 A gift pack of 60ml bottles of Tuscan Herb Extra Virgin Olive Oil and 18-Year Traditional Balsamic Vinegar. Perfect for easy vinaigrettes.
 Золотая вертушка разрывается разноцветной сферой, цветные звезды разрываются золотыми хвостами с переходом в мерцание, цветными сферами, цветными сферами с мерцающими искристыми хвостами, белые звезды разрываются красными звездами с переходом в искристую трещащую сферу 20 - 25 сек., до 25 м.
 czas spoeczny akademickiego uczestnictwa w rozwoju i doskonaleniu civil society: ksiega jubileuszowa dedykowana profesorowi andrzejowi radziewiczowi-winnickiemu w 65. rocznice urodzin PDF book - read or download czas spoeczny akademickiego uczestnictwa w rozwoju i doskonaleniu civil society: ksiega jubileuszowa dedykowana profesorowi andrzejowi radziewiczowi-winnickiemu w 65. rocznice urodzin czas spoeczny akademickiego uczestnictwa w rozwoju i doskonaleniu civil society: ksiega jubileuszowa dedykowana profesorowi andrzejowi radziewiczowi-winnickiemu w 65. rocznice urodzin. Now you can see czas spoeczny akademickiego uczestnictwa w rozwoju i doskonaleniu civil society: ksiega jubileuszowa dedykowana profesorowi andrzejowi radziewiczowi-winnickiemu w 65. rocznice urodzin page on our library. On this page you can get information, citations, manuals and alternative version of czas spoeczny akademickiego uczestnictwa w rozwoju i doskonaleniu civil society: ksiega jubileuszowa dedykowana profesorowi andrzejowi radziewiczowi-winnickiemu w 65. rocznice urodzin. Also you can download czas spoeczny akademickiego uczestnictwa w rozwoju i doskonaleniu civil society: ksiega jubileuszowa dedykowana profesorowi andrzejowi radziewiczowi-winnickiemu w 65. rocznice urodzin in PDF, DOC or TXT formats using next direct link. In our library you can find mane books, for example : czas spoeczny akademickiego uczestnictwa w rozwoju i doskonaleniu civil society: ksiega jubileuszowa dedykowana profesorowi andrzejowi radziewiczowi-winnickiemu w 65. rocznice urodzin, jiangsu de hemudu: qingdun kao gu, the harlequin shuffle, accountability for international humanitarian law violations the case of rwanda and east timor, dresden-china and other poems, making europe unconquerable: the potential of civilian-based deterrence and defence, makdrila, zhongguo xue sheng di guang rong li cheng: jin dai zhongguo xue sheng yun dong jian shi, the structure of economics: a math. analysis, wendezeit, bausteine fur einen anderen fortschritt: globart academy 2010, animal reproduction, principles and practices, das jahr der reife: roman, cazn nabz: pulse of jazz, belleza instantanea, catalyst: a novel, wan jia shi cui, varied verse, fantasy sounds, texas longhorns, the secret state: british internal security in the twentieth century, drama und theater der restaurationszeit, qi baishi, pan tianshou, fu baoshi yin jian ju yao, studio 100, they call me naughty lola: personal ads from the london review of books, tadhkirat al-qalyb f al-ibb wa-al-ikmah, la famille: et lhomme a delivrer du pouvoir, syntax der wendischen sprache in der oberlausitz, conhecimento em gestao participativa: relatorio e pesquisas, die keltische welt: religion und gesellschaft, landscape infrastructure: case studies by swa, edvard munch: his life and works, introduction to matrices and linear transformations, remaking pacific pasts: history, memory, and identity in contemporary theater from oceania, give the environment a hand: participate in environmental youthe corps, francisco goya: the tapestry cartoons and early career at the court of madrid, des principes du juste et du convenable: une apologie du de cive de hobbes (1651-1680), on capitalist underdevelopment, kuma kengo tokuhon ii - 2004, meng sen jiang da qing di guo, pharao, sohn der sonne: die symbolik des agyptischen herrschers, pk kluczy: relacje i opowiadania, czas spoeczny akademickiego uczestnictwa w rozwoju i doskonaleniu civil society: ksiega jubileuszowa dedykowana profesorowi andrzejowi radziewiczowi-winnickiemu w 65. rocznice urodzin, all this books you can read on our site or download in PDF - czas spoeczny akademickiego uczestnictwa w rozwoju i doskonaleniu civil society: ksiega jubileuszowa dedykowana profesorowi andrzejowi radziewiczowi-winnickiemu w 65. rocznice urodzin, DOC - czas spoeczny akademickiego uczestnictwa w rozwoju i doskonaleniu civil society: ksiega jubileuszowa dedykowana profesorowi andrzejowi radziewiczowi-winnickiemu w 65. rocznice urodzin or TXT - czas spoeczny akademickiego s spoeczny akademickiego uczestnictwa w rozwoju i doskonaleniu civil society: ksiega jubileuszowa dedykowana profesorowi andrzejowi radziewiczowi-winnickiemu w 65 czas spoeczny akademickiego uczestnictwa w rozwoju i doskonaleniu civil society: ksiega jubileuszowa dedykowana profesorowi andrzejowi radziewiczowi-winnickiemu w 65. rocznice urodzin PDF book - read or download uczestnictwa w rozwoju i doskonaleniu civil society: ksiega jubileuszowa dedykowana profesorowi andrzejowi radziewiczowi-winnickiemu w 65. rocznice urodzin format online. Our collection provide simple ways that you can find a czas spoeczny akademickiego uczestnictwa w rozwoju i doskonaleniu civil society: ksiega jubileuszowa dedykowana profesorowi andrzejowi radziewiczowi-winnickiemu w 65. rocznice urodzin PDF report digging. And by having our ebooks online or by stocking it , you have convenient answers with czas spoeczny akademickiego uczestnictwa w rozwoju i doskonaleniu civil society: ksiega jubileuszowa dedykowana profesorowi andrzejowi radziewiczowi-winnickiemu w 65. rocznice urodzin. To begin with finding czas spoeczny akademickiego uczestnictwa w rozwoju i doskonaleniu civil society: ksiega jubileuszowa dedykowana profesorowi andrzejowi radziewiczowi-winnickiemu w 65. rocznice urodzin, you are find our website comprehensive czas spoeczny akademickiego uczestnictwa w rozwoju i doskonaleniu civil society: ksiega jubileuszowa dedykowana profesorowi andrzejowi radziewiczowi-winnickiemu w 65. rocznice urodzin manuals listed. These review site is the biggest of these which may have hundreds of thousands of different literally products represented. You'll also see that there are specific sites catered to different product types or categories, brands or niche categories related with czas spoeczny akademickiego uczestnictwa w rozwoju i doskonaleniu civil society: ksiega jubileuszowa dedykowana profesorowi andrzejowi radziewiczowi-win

Required work.
Starting at the first line and ending at the last, restate the material word for word.

Final answer.
 A gift pack of 60ml bottles of Tuscan Herb Extra Virgin Olive Oil and 18-Year Traditional Balsamic Vinegar. Perfect for easy vinaigrettes.
 Золотая вертушка разрывается разноцветной сферой, цветные звезды разрываются золотыми хвостами с переходом в мерцание, цветными сферами, цветными сферами с мерцающими искристыми хвостами, белые звезды разрываются красными звездами с переходом в искристую трещащую сферу 20 - 25 сек., до 25 м.
 czas spoeczny akademickiego uczestnictwa w rozwoju i doskonaleniu civil society: ksiega jubileuszowa dedykowana profesorowi andrzejowi radziewiczowi-winnickiemu w 65. rocznice urodzin PDF book - read or download czas spoeczny akademickiego uczestnictwa w rozwoju i doskonaleniu civil society: ksiega jubileuszowa dedykowana profesorowi andrzejowi radziewiczowi-winnickiemu w 65. rocznice urodzin czas spoeczny akademickiego uczestnictwa w rozwoju i doskonaleniu civil society: ksiega jubileuszowa dedykowana profesorowi andrzejowi radziewiczowi-winnickiemu w 65. rocznice urodzin. Now you can see czas spoeczny akademickiego uczestnictwa w rozwoju i doskonaleniu civil society: ksiega jubileuszowa dedykowana profesorowi andrzejowi radziewiczowi-winnickiemu w 65. rocznice urodzin page on our library. On this page you can get information, citations, manuals and alternative version of czas spoeczny akademickiego uczestnictwa w rozwoju i doskonaleniu civil society: ksiega jubileuszowa dedykowana profesorowi andrzejowi radziewiczowi-winnickiemu w 65. rocznice urodzin. Also you can download czas spoeczny akademickiego uczestnictwa w rozwoju i doskonaleniu civil society: ksiega jubileuszowa dedykowana profesorowi andrzejowi radziewiczowi-winnickiemu w 65. rocznice urodzin in PDF, DOC or TXT formats using next direct link. In our library you can find mane books, for example : czas spoeczny akademickiego uczestnictwa w rozwoju i doskonaleniu civil society: ksiega jubileuszowa dedykowana profesorowi andrzejowi radziewiczowi-winnickiemu w 65. rocznice urodzin, jiangsu de hemudu: qingdun kao gu, the harlequin shuffle, accountability for international humanitarian law violations the case of rwanda and east timor, dresden-china and other poems, making europe unconquerable: the potential of civilian-based deterrence and defence, makdrila, zhongguo xue sheng di guang rong li cheng: jin dai zhongguo xue sheng yun dong jian shi, the structure of economics: a math. analysis, wendezeit, bausteine fur einen anderen fortschritt: globart academy 2010, animal reproduction, principles and practices, das jahr der reife: roman, cazn nabz: pulse of jazz, belleza instantanea, catalyst: a novel, wan jia shi cui, varied verse, fantasy sounds, texas longhorns, the secret state: british internal security in the twentieth century, drama und theater der restaurationszeit, qi baishi, pan tianshou, fu baoshi yin jian ju yao, studio 100, they call me naughty lola: personal ads from the london review of books, tadhkirat al-qalyb f al-ibb wa-al-ikmah, la famille: et lhomme a delivrer du pouvoir, syntax der wendischen sprache in der oberlausitz, conhecimento em gestao participativa: relatorio e pesquisas, die keltische welt: religion und gesellschaft, landscape infrastructure: case studies by swa, edvard munch: his life and works, introduction to matrices and linear transformations, remaking pacific pasts: history, memory, and identity in contemporary theater from oceania, give the environment a hand: participate in environmental youthe corps, francisco goya: the tapestry cartoons and early career at the court of madrid, des principes du juste et du convenable: une apologie du de cive de hobbes (1651-1680), on capitalist underdevelopment, kuma kengo tokuhon ii - 2004, meng sen jiang da qing di guo, pharao, sohn der sonne: die symbolik des agyptischen herrschers, pk kluczy: relacje i opowiadania, czas spoeczny akademickiego uczestnictwa w rozwoju i doskonaleniu civil society: ksiega jubileuszowa dedykowana profesorowi andrzejowi radziewiczowi-winnickiemu w 65. rocznice urodzin, all this books you can read on our site or download in PDF - czas spoeczny akademickiego uczestnictwa w rozwoju i doskonaleniu civil society: ksiega jubileuszowa dedykowana profesorowi andrzejowi radziewiczowi-winnickiemu w 65. rocznice urodzin, DOC - czas spoeczny akademickiego uczestnictwa w rozwoju i doskonaleniu civil society: ksiega jubileuszowa dedykowana profesorowi andrzejowi radziewiczowi-winnickiemu w 65. rocznice urodzin or TXT - czas spoeczny akademickiego s spoeczny akademickiego uczestnictwa w rozwoju i doskonaleniu civil society: ksiega jubileuszowa dedykowana profesorowi andrzejowi radziewiczowi-winnickiemu w 65 czas spoeczny akademickiego uczestnictwa w rozwoju i doskonaleniu civil society: ksiega jubileuszowa dedykowana profesorowi andrzejowi radziewiczowi-winnickiemu w 65. rocznice urodzin PDF book - read or download uczestnictwa w rozwoju i doskonaleniu civil society: ksiega jubileuszowa dedykowana profesorowi andrzejowi radziewiczowi-winnickiemu w 65. rocznice urodzin format online. Our collection provide simple ways that you can find a czas spoeczny akademickiego uczestnictwa w rozwoju i doskonaleniu civil society: ksiega jubileuszowa dedykowana profesorowi andrzejowi radziewiczowi-winnickiemu w 65. rocznice urodzin PDF report digging. And by having our ebooks online or by stocking it , you have convenient answers with czas spoeczny akademickiego uczestnictwa w rozwoju i doskonaleniu civil society: ksiega jubileuszowa dedykowana profesorowi andrzejowi radziewiczowi-winnickiemu w 65. rocznice urodzin. To begin with finding czas spoeczny akademickiego uczestnictwa w rozwoju i doskonaleniu civil society: ksiega jubileuszowa dedykowana profesorowi andrzejowi radziewiczowi-winnickiemu w 65. rocznice urodzin, you are find our website comprehensive czas spoeczny akademickiego uczestnictwa w rozwoju i doskonaleniu civil society: ksiega jubileuszowa dedykowana profesorowi andrzejowi radziewiczowi-winnickiemu w 65. rocznice urodzin manuals listed. These review site is the biggest of these which may have hundreds of thousands of different literally products represented. You'll also see that there are specific sites catered to different product types or categories, brands or niche categories related with czas spoeczny akademickiego uczestnictwa w rozwoju i doskonaleniu civil society: ksiega jubileuszowa dedykowana profesorowi andrzejowi radziewiczowi-win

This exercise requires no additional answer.